To process a single lane of paired-end read Illumina data, you would run the command:
split_libraries_illumina.py -5 s_1_1_sequence.txt -3 s_1_2_sequence.txt -o paired_end/ -m illumina_mapping.txt
To process multiple lanes of paired-end read Illumina data, you would run the command:
split_libraries_illumina.py -5 s_1_1_sequence.txt,s_2_1_sequence.txt -3 s_1_2_sequence.txt,s_2_2_sequence.txt -o paired_end/ -m illumina_mapping.txt
Note that you must correctly match the order of the sequence file paths passed via -5 and -3. In this case, the output sequence files will contain the 5’ ends of the reads concatenated with the 3’ ends of the reads. The orientations of the reads are adjusted so the full read makes sense. It is important to note however that aside from adjusting the read orientation, nothing is done to modify the read. So, for example, if your reads overlap there will be a repeat at the junction of the reads corresponding to the overlap.
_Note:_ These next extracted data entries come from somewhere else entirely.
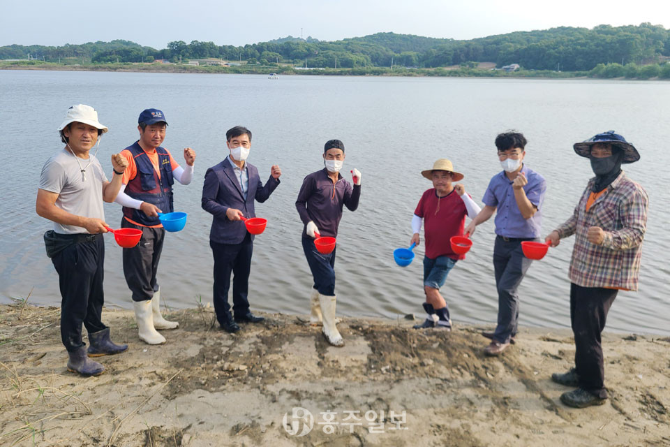 홍성군이 내수면 수산자원 확보와 어업인 소득증대를 위해 지난 3일 약 1만 마리의 참게 종자를 홍양저수지에 방류했다.<사진>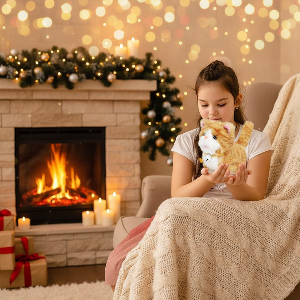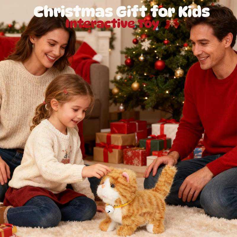 Jouet en peluche interactif pour chat, brodé, motif chat tigré orange, avec collier à clochette, super doux, en coton PP, oreilles mobiles, sûr pour les enfants, anti-stress, prix d'usine
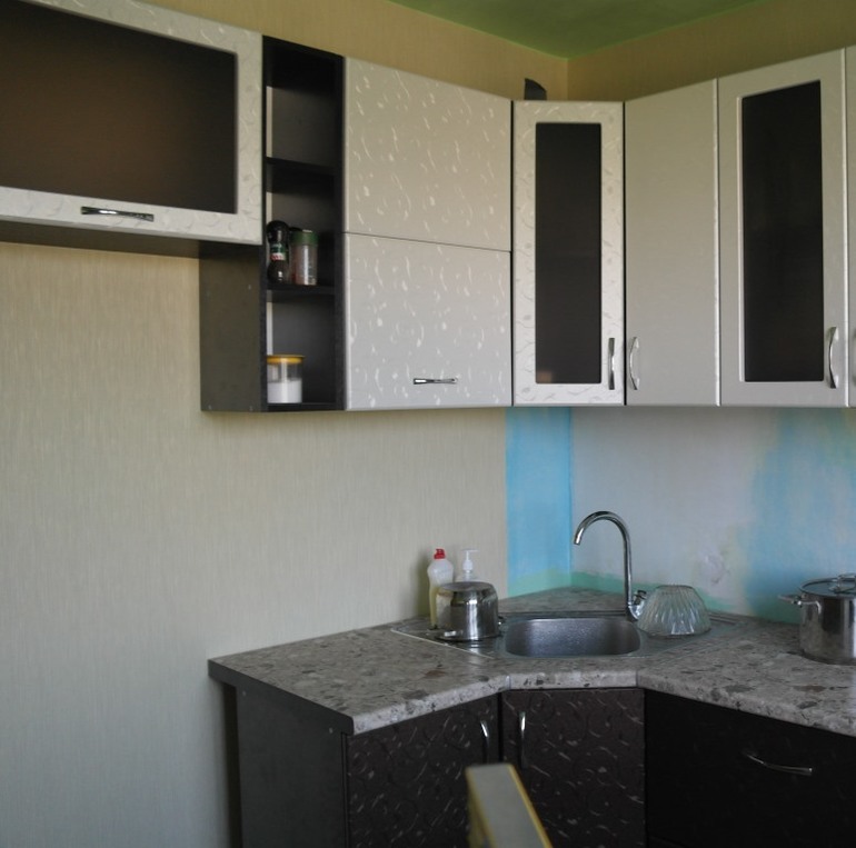 Ваша кухня так на нашу похожа (по расстановке)!!! Клеили обои под рогожку (как в предыдущем комментарии, только желтоватого а не бежево-песочного оттенка). Получилось вот примерно так (сорри за фото, это еще ремонт был в разгаре)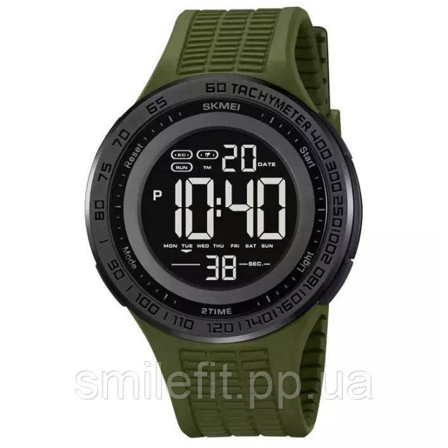 SKMEI 2155AG — це цифровий годинник із мінімалістичним, але виразним дизайном, який ідеально підходить для спорту, подорожей або щоденного використання. Чорний корпус із темно-зеленим ремінцем створює збалансований мілітарі-образ, а великий дисплей із чіткими цифрами дозволяє зручно зчитувати час та іншу інформацію навіть на ходу. Безель з маркуванням тахіметра додає спортивного характеру.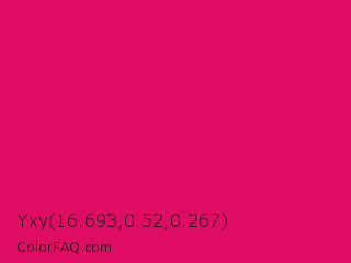 Yxy 16.693,0.52,0.267 Color is a normal rose color and the nearest color is Ruby #e0115f. Hex code #de0c63 and RGB value is rgb(222,12,99). In RGB color space, this color is composed of 87% red, 5% green, 39% blue, In CMYK color space, this color is composed of 0% cyan, 95% magenta, 55% yellow , 13% black , In HSL color space, this color has a hue angle of 335° , 90% saturation and 46% lightness.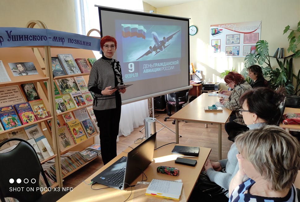 Главный библиограф В.Л. Городнина выступила с консультацией «Страна Аэрофлот», посвященная 100-летию российской гражданской авиации. Она представила историческую справку о российской авиации, книги из раздела фонда 39.5 «Воздушный транспорт», статьи об истории и сегодняшнем дне международного аэропорта «Липецк». Вера Львовна познакомила библиотекарей с обзором художественной литературы о летчиках и авиации; отобразила авиацию в искусстве (фильмы, песни об авиации и летчиках); предложила формы и названия мероприятий для использования в работе. Библиотечные специалисты поучаствовали в тест-викторине «Там, за облаками».

The methods currently included in QIIME for quality filtering Illumina data are presented in a publication that has been provisionally accepted. A link to that article will be provided here upon full acceptance. Briefly, a sequence is discarded if any of the following conditions are met:
- The barcode contains one or more N bases, corresponding to ambiguous base calls.
- The barcode is not an exact match to a barcode in the mapping file (to disable this, pass -u, which will cause the resulting sequences to be store with sample ID Unassigned.)
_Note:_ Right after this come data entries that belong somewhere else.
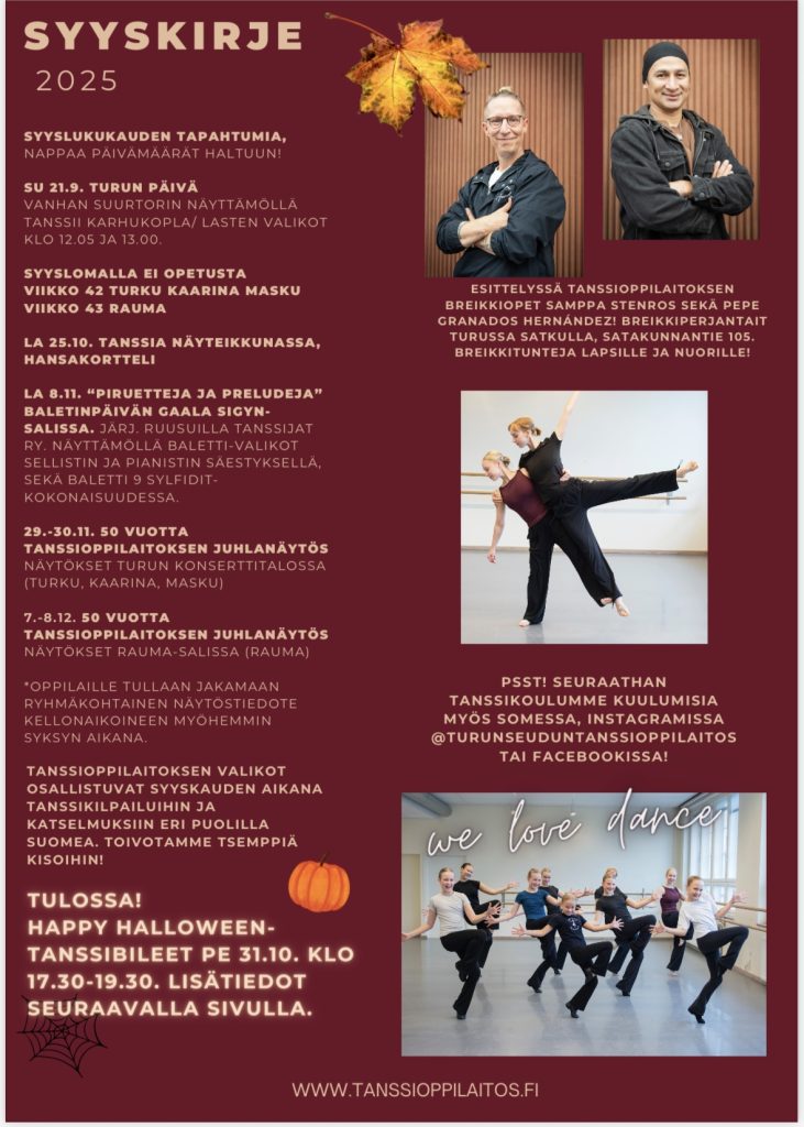 Läsåret 2024–25 inleder Tanssioppilaitos 50-årsjubileumsår som är fyllt av evenemang.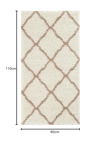 THE RUGS Shaggy Rug – Modern Moroccan Design Rugs for Living Room, Bedroom, Hallway, 3 cm Thick Area Rugs, (Moroccan Ivory/Beige, 60x110cm)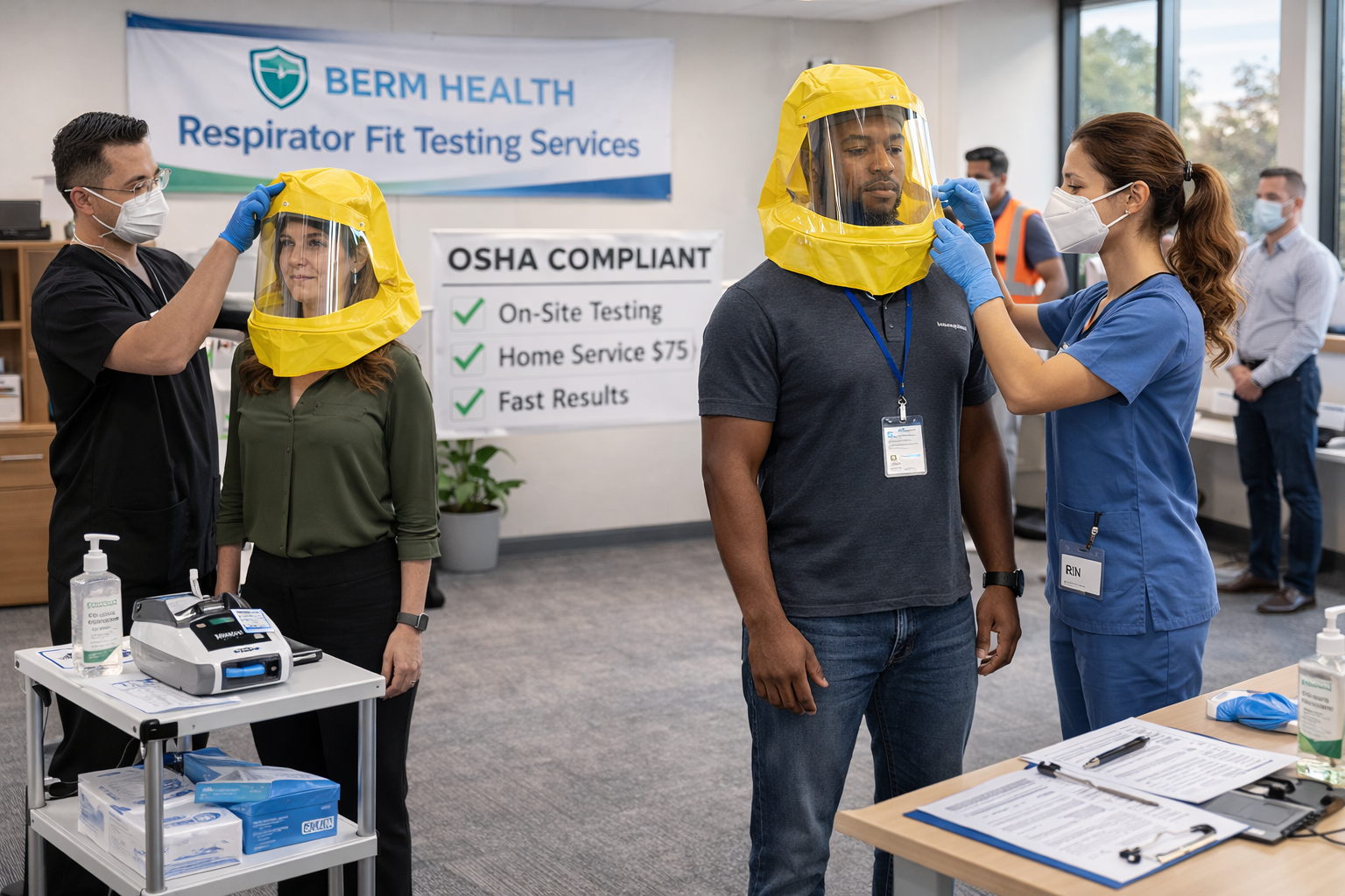 Our OSHA-compliant qualitative respirator fit testing ensures your employees are properly protected, and workplace safety standards are met. Tests are performed by a trained healthcare professional following OSHA standards.

- The sequence contains one or more N bases, corresponding to ambiguous base calls.
- The high-quality region of the sequence is less than 75 bases long (adjustable with the -p parameter), where high-quality regions is defined a stretch of bases containing no more than 1 (adjustable with the -r parameter) quality score less than 1e-5 (adjustable with the -q parameter). In other words, with the default parameter settings, the read is truncated at the base preceding the first low quality stretch, and the truncated sequence must be greater than or equal to 75 bases long to be retained.
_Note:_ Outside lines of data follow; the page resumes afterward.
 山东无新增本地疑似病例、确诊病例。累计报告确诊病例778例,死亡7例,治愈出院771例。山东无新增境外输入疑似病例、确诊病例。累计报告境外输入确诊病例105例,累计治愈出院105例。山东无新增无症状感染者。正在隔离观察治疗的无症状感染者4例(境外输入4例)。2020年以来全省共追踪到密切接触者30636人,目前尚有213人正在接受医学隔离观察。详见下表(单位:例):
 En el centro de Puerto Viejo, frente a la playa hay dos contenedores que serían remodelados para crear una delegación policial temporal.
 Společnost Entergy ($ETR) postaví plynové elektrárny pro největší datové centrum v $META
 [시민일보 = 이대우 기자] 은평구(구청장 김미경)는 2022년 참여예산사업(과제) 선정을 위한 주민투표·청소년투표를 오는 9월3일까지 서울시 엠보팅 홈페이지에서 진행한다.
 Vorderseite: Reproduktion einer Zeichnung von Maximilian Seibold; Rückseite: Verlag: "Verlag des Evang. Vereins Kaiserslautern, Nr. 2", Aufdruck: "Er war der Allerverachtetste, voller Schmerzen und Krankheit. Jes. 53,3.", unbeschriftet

Once you have processed your Illumina data with split_libraries_illumina.py, you can use the resulting files in all downstream QIIME scripts, including the workflow scripts. Currently the quality files (e.g., s_2_5prime_qual.txt) are not used anywhere in QIIME, but are provided to support more complex quality filtering. We are very interested in collaborating on developing better ways to quality filter Illumina data, so please feel free to get in touch if you have interest in this problem.